Resztę popołudnia Bartek spędził z nosem w laptopie szukając odpowiedniego miejsca i lokum. Co chwilę pokazywał Sabinie ekran komputera pytając, czy podoba jej się miejsce, hotel, okolica. Czy góry, czy morze lub inne miejsca. Sabina czuła coraz bardziej narastającą irytację. Jakby nie mógł tego zaplanować w domowym zaciszu i po prostu jej zaskoczyć. Nie. On jak małe podniecone dziecko pokazywał jej wszystko, co jest godne uwagi.
- Zobacz, tu mają fajny hotel, podoba ci się? – po raz setny wycelował ekran w jej stronę. Sabina z hukiem zamknęła książkę, którą próbowała czytać jednak bez skutecznie i rzuciła mu gniewne spojrzenie.
- Kurwa, człowieku wybierz coś po prostu i zrób mi niespodziankę – zagrzmiała.
- Chyba masz dość niespodzianek na dziś – zakpił.
- Ja pierdolę, Dawid, nie denerwuj mnie – prychnęła uderzając książką o stół. Skrzyżowała ręce na piersiach i westchnęła ciężko. Kątem oka spojrzała na Bartka, który patrzył na nią spod przymrużonych powiek.
- Jak mnie nazwałaś? – spytał. Po ciele Sabiny przeszedł nieprzyjemny dreszcz.  Poczuła, jakby ziemia usuwała jej się spod stóp.
- Bartek. Nazywasz się Bartek – odpowiedziała głupio a chłopak natychmiast pokręcił głową.
- Kim jest Dawid?
- Bartek, daj spokój – przyłożyła dłoń do czoła i potarła je z grymasem na twarzy. Nie wiedziała jak wybrnąć z tego impasu. Nie będzie go przepraszać i udawać skruchy bo to mogłoby tylko pogorszyć sytuację. Puścić mimo uszu też nie może, skoro Bartek słyszał jej przejęzyczenie.
- Nie dam spokoju – odłożył laptop. – Kim jest Dawid?
- Po prostu się przejęzyczyłam.

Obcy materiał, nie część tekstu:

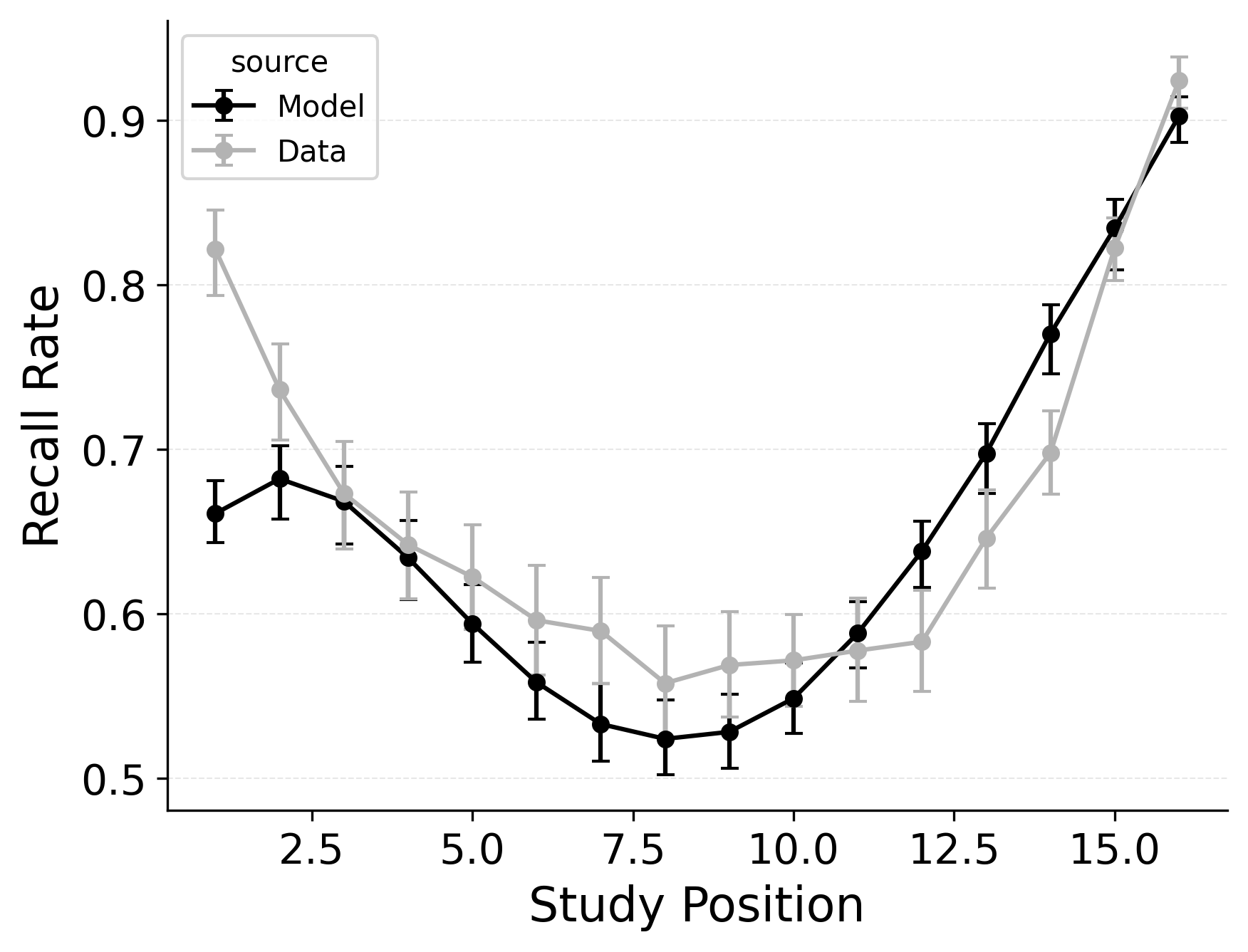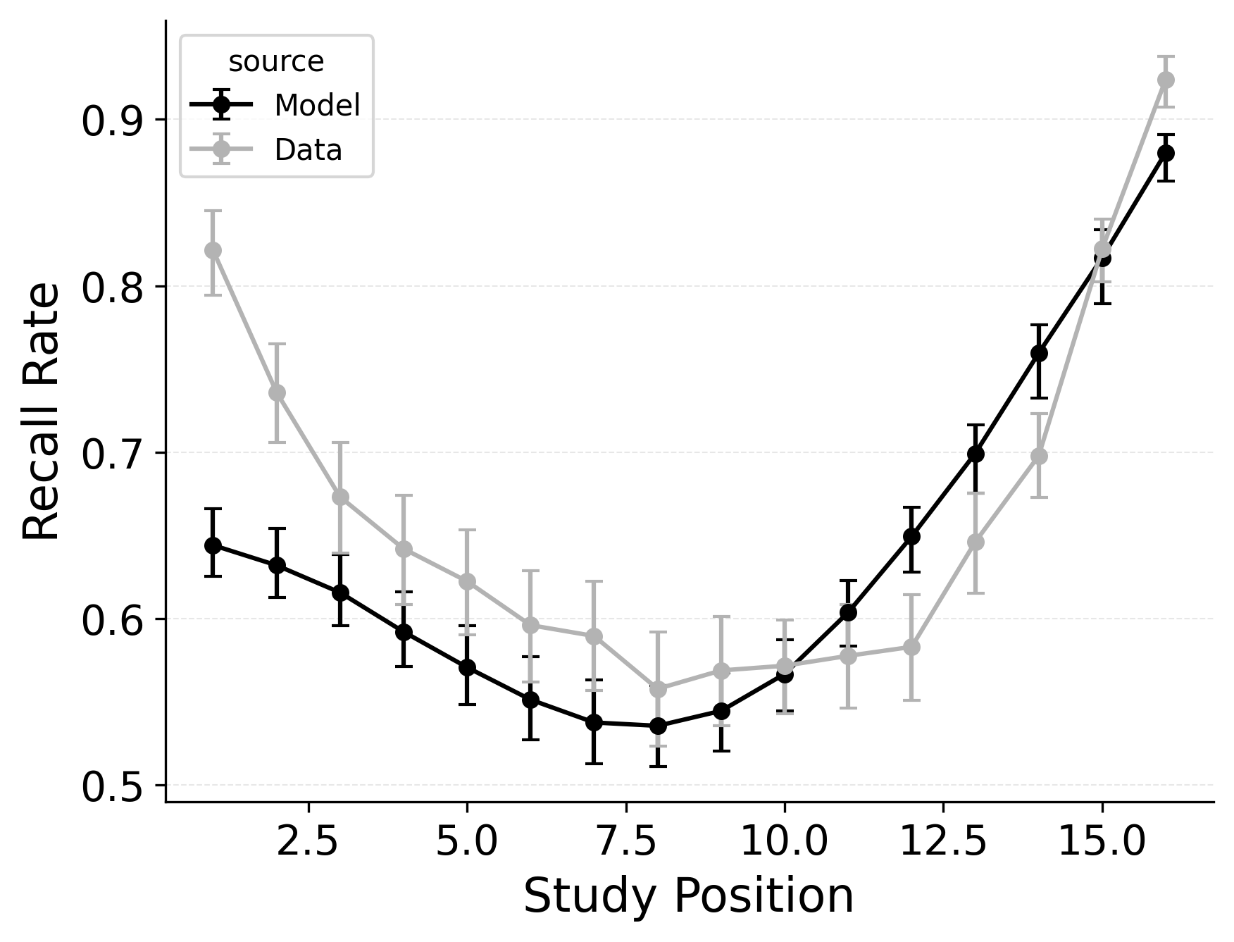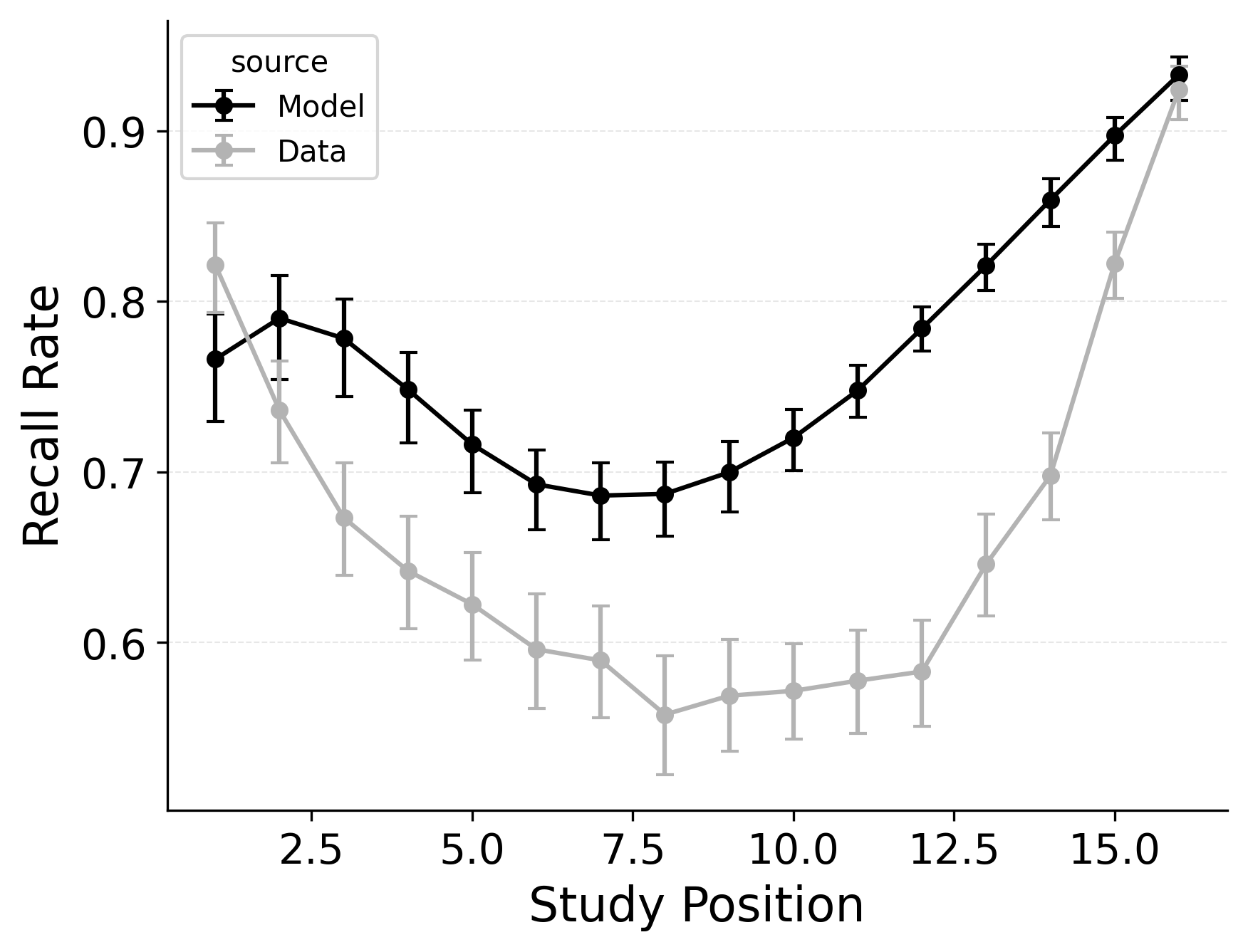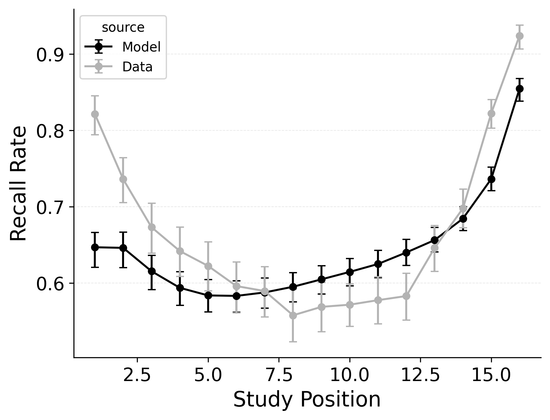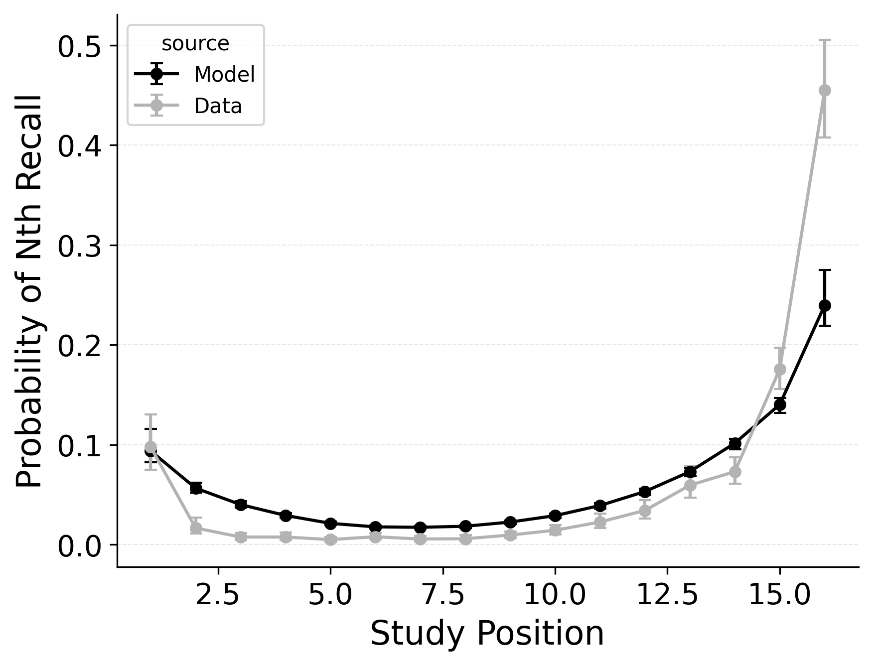 In our free recall evaluation, we found that CMR’s position-based termination mechanism outperformed CRU’s context-based termination mechanism. This is because the latter can lead to premature termination when recall initiates with a strong recency effect, as is common in free recall. However, in our serial recall evaluation, we find that embedding CRU’s context-based termination in CMR improves overall model fits, despite dropping two free parameters Table 3. The standard CMR recall termination mechanism underestimates recall rates for later list items, as shown in Figure 7.

Mam ciężkie dni w pracy, nocka przede mną a ja nawet nie zmrużyłam oka – zgrabnie zmieniła temat ale Bartek nie dał się wywieść w pole.
- Masz kogoś?
- Kurwa, jasne, że nie – odpowiedziała oburzona. – Ciekawe kiedy miałabym się z nim spotykać? Między wycięciem tarczycy i obchodem w szpitalu? Nie wymyślaj – burknęła zirytowana. Koniec końców udało jej się załagodzić całą sytuację a raczej zwyczajnie zdenerwować się bardziej niż Bartek. Całą resztę jego wizyty była podenerwowana i pokazywała to po sobie zawodowo. W końcu Bartek odpuścił zostawiając ją samą. Sam nie wiedział co ma myśleć o tym „przejęzyczeniu”. Postanowił jednak bardziej przyjrzeć się swojej dziewczynie. A Sabina? Sabina była na siebie zła. Myślała, że już dawno uporała się z odejściem Dawida. Powtarzała sobie, że przecież ją zranił. Zostawił jak śmiecia. Obiecał a nie dotrzymał słowa. Był zwykłym gnojem i z takim przeświadczeniem żyła. A mimo to gdzieś tam w głowie nadal podświadomie siedział i nie chciał wyjść. Tego dnia przed pracą nie zmrużyła oka. W pracy też o dziwo nie chciało jej się spać. Była wściekła i to chyba dodawało jej energii. Wciąż mówiła sobie, że jeszcze dwa dni i spędzi miło czas z Bartkiem. Odpocznie, zresetuje się. A nuż coś poprzestawia się w jej głowie na plus. Bardzo na to liczyła.